Restoring Your Marriage
Surviving a rough season requires three things from you:
- Your commitment.
- Your faithfulness.
- Taking action.
If you have/are able to do these three things, you will make it. Your marriage will stand firm through the changes and lack of feelings and having kids and dealing with grief.
5 Ways To Reignite the Spark in Your Marriage

Being committed to someone requires more than just feelings of love and it requires more than a five-year plan and a grandiose wedding. Below are 5 important actions to take to reignite the spark in your marriage.
1. Stop nagging.
In Proverbs 27:15-16 (NIV Translation) it says, “A quarrelsome wife is like the dripping of a leaky roof in a rainstorm; restraining her is like restraining the wind or grasping oil with the hand.”
Often I find myself nagging out of need. I need you to wash the dishes. You need to fix the clogged sink. I need you to do this.You need to do that.

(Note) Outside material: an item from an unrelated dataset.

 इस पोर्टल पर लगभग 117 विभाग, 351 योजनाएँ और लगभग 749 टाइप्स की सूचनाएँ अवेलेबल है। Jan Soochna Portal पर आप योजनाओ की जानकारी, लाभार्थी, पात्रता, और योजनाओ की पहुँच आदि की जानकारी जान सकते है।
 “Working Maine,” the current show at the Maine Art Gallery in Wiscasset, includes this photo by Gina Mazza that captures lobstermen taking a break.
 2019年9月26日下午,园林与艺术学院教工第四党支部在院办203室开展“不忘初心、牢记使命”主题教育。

The Consequences of Nagging
When we constantly nag our husbands, two things begin to happen: 1) he starts feeling like you don’t respect him and 2) he starts to find other things or places that feel like solace and peace to him. As wives, we should want our husband to want to enjoy coming home. We should want our husbands to know and feel loved by us. If there is one thing you can start doing today to reignite the spark in your marriage, pause before you nag and instead start nagging God. Tell God all the things you wish your husband would do or the ways you wish he would just change. I challenge you to commit to nagging God, instead of your husband, for one week.
2. Make God your priority.
When we stop living to please other people and re-center our focus on God, we begin living to honor and please him. What is more pleasing to God than honoring what he’s blessed you with? If your marriage feels a bit lackluster right now, or you’re really struggling to love your husband, I urge you to seek comfort in God. Talk to him. Pray to him. Bury yourself in his Word.

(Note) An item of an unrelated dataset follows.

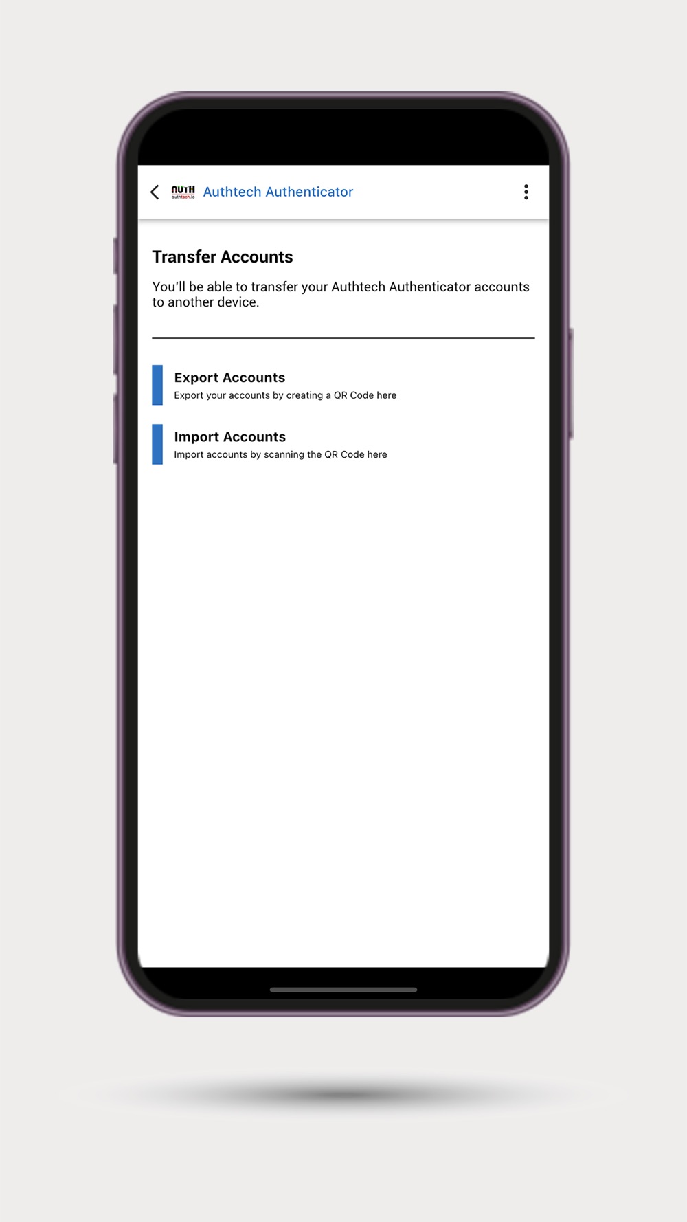 You can set up as many accounts as you require from any application/website/bank and more and enable two-factor authentication on all your preferred accounts. Even if you switch to a new device, you can easily import all your accounts set in the previous device via the relevant options(Transfer Account) provided in the AuthTech Authenticator application.

Scriptures for a Strong Marriage
There are so many scriptures about seeking God, here are a few that I hope encourage you:
Psalm 119:2 “Blessed are those who keep his statutes and seek him with all their heart…”
Matthew 6:33 “But seek first his kingdom and his righteousness, and all these things will be given to you as well.“
Psalm 105:4. “Look to the Lord and his strength; seek his face always.“
Psalms 34:4-5 “I prayed to the Lord, and he answered me. He freed me from all my fears. Those who look to him for help will be radiant with joy; no shadow of shame will darken their faces.”
3. Out-love your husband.
When a marriage is not in the best place wives may start relying on, or placing emphasis on how they feel. That is a recipe for disaster. God creates us to have feelings and while I believe it’s healthy to acknowledge them, it’s not healthy to dwell on them. We must put aside how we feel and choose to love. Make it your daily mission to love your husband so well through your actions and words.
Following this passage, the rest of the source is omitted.